Now that is some design marvel. :rofl::rofl::rofl:


----------



## mtbscott (Jul 16, 2003)

I think BMW/MINI is getting greedy. They are already selling as many of their "original" MINI's as they can produce, have just added the Clubman, but this just strays too far from the concept. I don't want MINI to have something for everyone, part of their appeal is that they aren't seen as mainstream.


----------



## clubboy (Jul 18, 2008)

mtbscott said:


> I think BMW/MINI is getting greedy. They are already selling as many of their "original" MINI's as they can produce, have just added the Clubman, but this just strays too far from the concept. I don't want MINI to have something for everyone, part of their appeal is that they aren't seen as mainstream.

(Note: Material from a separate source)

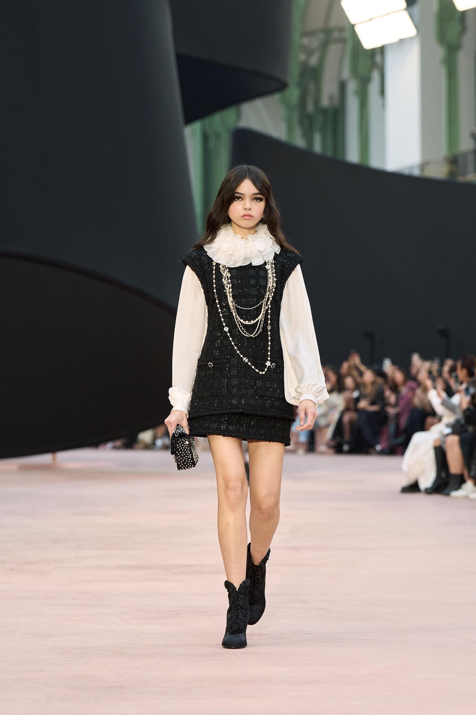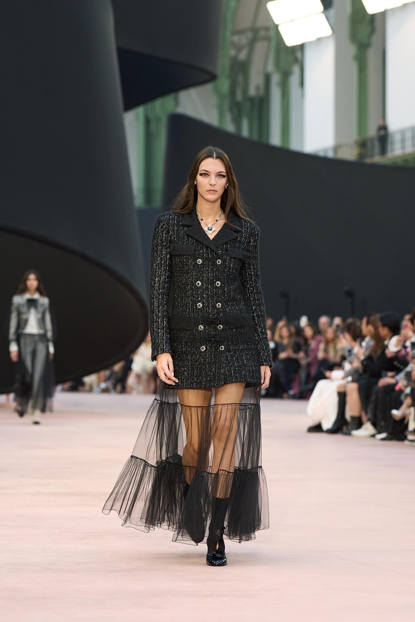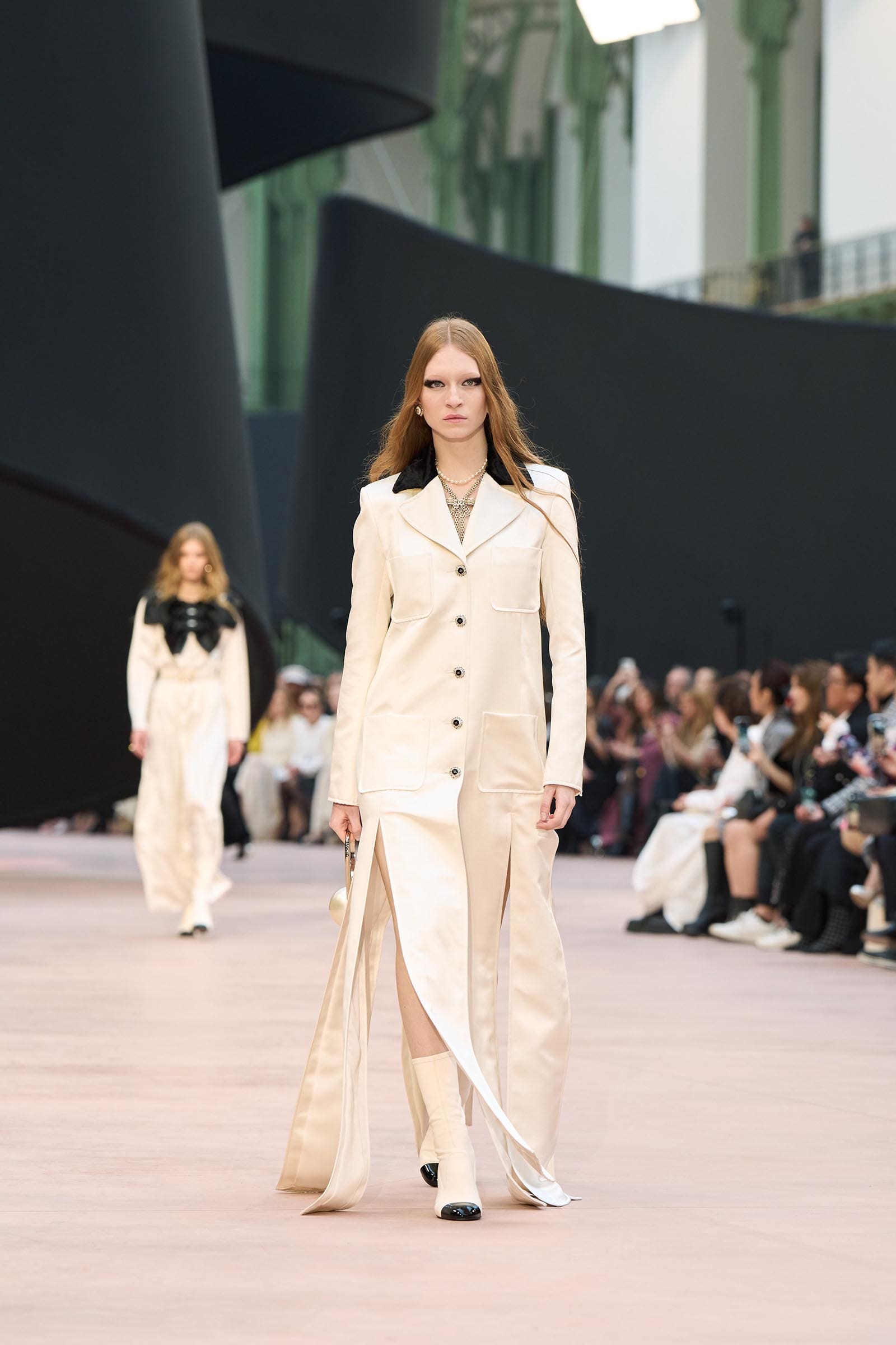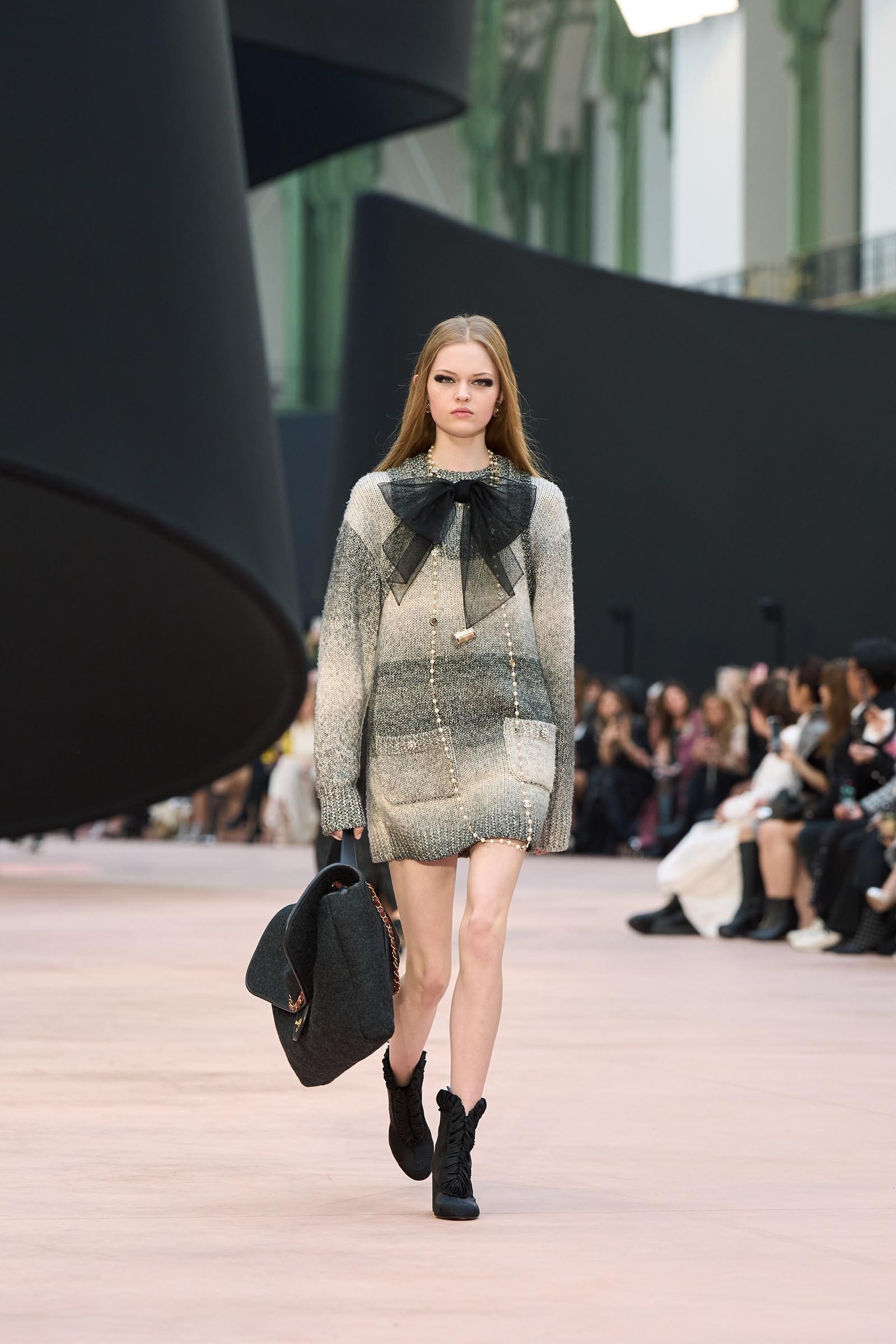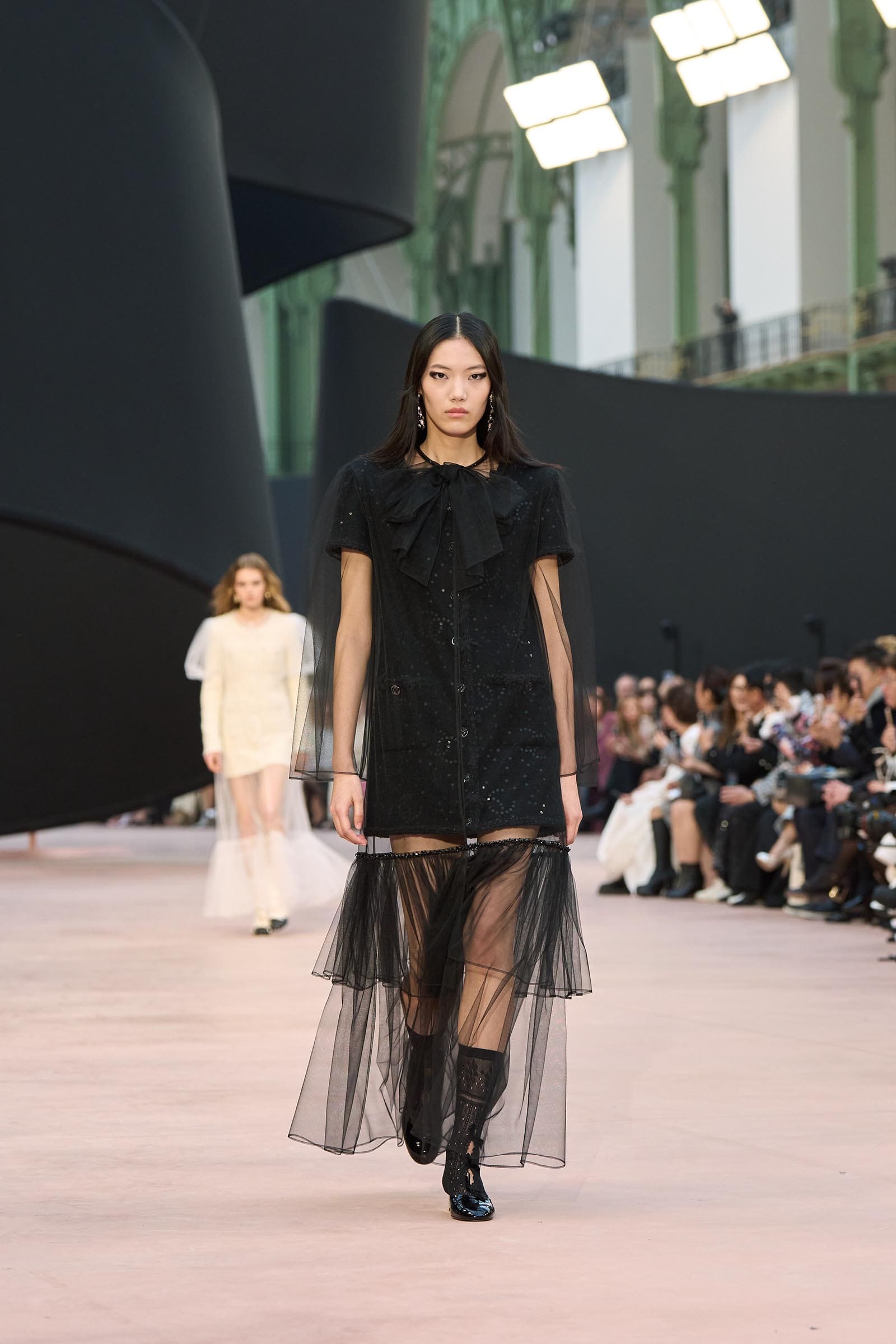 In the interim before Matthieu Blazy’s much-anticipated debut, Chanel constructed a huge black ribbon-shaped set at the Grand Palais, the better to tie the fall show to Coco’s codes. Much as the haute couture was earlier this year, this was a case of continuity-Chanel by the Fashion Creation Studio at the Rue Cambon, fulfilled with a light-ish air.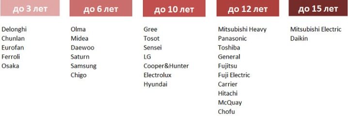 يتراوح العمر الافتراضي للمعدات المتميزة من 12 إلى 15 عامًا.. ومع ذلك ، يتم تحقيق هذا المؤشر بشرط التثبيت الصحيح والتشغيل الصحيح والصيانة في الوقت المناسب. معظم هذه الأجهزة محمية من سوء الاستخدام. على سبيل المثال ، يمكن أن يشتمل مكيف الهواء على حماية ضد الحمل الزائد ، بالإضافة إلى عناصر لتشخيص حالة الجهاز. تتيح لك هذه الآليات الإضافية إيقاف تشغيل الجهاز في الوقت المناسب في حالة ظهور موقف غير طبيعي..

I agree. There was a gentleman who went into the beer business and added different types of beer to his roster. Finally sold it and decided to do it all over, but make One beer (A pilsner) really well, and he's doing better business than he ever did being all things to all people. Cadillac once tried to be all things to all people and failed. Cimmaron anyone? Catera perhaps?


----------



## NJREDZ06 (Mar 31, 2008)

BMW/Mini has a broader demographic than Cadillac though.

Almost everything that BMW/Mini produces sells very well. I cannot fault them for trying the SAV/SUV crossover route. This market segment has become very popular since the larger 4x4's are a dying breed due to higher fuel costs.

I am keeping my mind open and will make my decisions once I drive it rather than making my decision based on a concept photo.


----------